▶ _Data under study_:
•••••

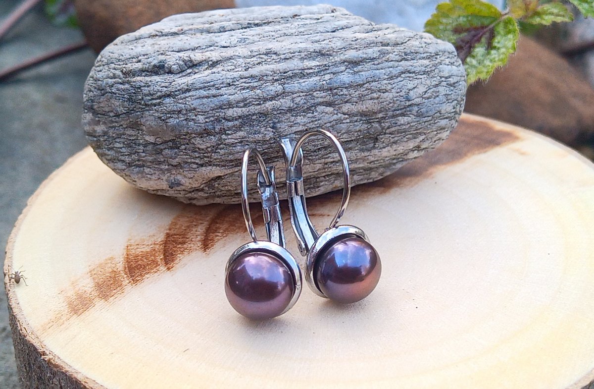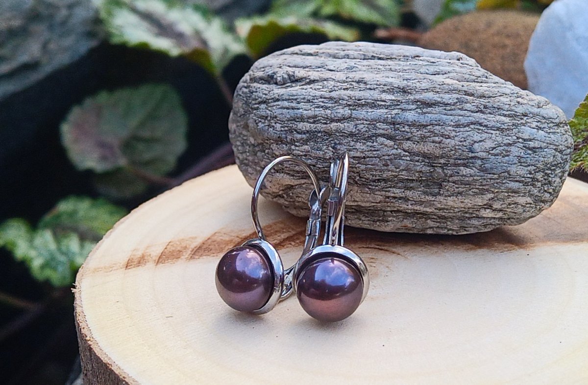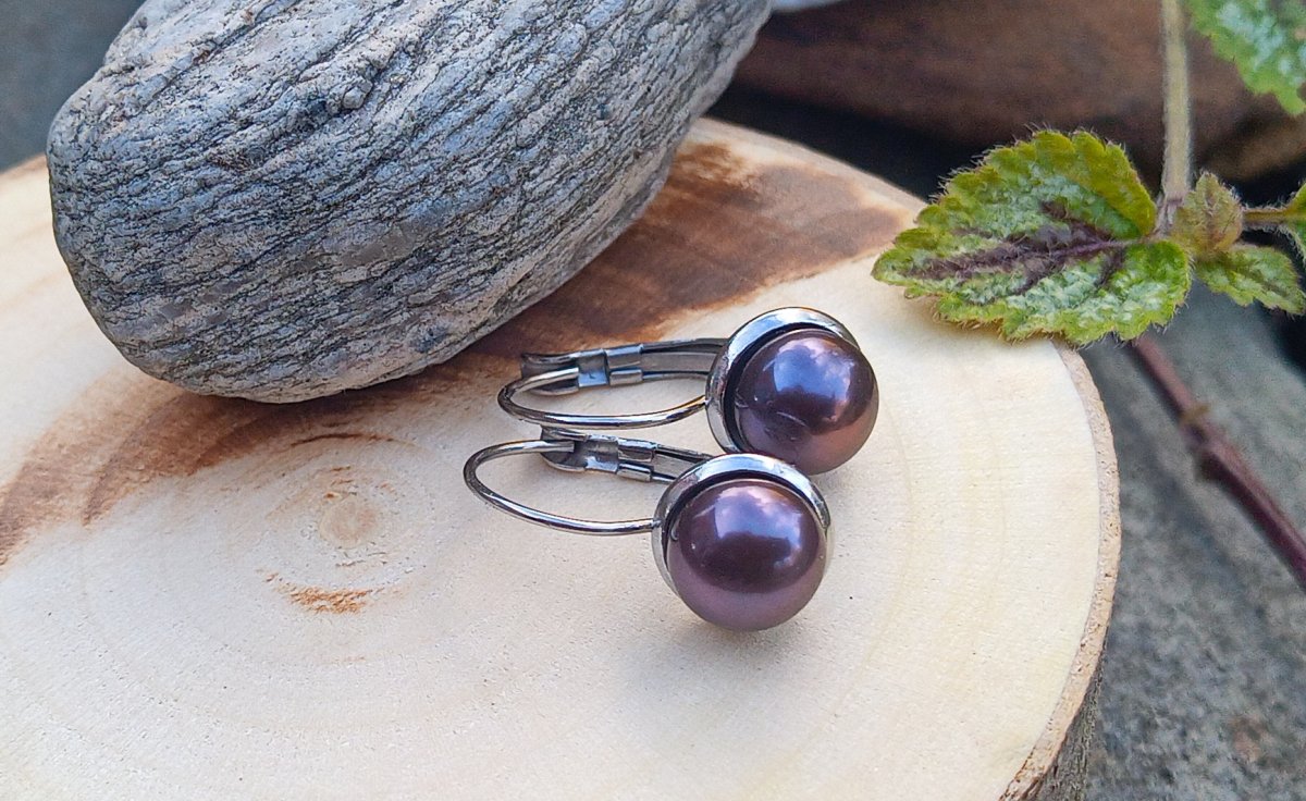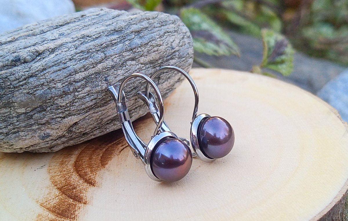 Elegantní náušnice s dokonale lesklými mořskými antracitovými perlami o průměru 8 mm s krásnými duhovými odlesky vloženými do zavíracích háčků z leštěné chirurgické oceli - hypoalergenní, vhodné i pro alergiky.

•••••

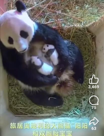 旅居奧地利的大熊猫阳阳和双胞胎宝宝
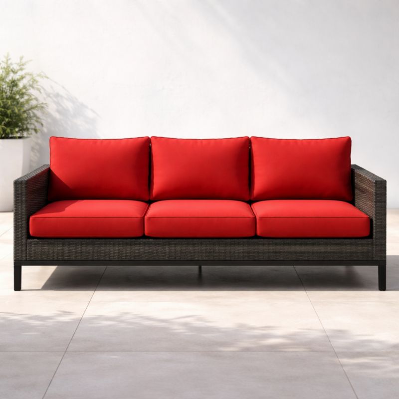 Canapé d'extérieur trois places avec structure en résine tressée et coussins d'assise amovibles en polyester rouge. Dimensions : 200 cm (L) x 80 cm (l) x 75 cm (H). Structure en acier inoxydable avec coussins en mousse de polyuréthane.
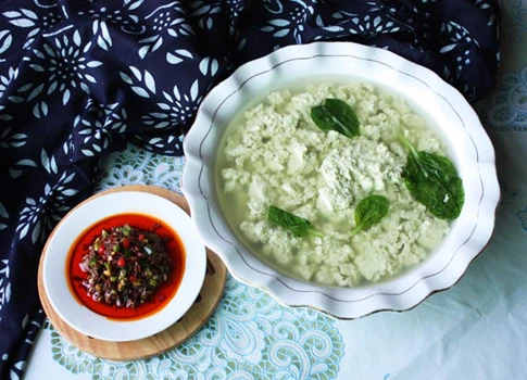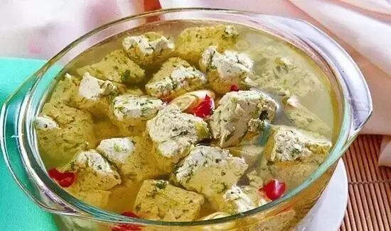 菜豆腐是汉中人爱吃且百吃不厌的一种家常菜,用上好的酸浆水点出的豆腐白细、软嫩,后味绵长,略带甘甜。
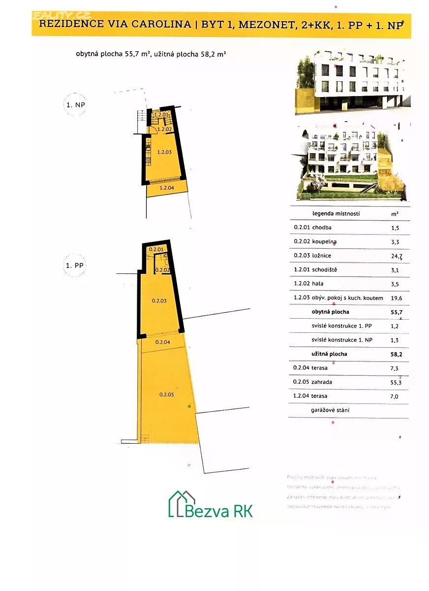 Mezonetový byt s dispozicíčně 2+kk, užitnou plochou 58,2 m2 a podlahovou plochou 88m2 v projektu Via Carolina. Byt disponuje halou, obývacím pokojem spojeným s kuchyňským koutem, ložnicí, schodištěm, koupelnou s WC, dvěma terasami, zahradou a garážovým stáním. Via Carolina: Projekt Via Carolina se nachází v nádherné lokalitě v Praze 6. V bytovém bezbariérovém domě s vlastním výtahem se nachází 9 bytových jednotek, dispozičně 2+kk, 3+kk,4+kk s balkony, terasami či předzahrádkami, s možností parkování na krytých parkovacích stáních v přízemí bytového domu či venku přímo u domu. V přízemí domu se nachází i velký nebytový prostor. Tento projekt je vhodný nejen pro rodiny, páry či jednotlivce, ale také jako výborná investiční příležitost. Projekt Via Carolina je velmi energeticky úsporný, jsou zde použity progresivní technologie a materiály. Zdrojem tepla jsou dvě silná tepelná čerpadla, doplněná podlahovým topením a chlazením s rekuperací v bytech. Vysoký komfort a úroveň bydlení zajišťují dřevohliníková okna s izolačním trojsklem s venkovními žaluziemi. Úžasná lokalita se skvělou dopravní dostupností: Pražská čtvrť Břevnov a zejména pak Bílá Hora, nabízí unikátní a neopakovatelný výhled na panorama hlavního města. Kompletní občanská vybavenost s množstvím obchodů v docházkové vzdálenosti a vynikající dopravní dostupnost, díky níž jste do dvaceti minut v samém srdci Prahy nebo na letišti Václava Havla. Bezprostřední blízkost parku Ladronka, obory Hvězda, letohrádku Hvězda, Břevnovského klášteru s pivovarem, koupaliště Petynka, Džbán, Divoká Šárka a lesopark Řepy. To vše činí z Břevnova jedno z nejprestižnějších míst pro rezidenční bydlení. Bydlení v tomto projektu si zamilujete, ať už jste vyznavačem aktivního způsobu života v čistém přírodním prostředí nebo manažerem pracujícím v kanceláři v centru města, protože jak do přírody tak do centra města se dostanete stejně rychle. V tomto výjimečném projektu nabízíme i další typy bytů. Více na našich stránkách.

•••••

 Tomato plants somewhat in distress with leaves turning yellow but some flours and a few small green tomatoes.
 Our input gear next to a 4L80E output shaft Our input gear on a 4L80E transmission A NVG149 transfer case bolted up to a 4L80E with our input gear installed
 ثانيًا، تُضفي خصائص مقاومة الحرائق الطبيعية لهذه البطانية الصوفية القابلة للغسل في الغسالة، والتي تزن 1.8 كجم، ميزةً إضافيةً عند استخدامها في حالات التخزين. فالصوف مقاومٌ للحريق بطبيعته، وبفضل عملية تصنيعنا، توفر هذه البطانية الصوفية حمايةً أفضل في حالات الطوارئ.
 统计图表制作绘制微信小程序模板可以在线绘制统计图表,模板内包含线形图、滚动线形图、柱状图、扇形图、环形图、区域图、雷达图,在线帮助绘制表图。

•••••

▶ _What is required_: Please copy all lines of the listing in which the string "with" occurs.

▶ _Answer for the task_:
 Tomato plants somewhat in distress with leaves turning yellow but some flours and a few small green tomatoes.
 Our input gear next to a 4L80E output shaft Our input gear on a 4L80E transmission A NVG149 transfer case bolted up to a 4L80E with our input gear installed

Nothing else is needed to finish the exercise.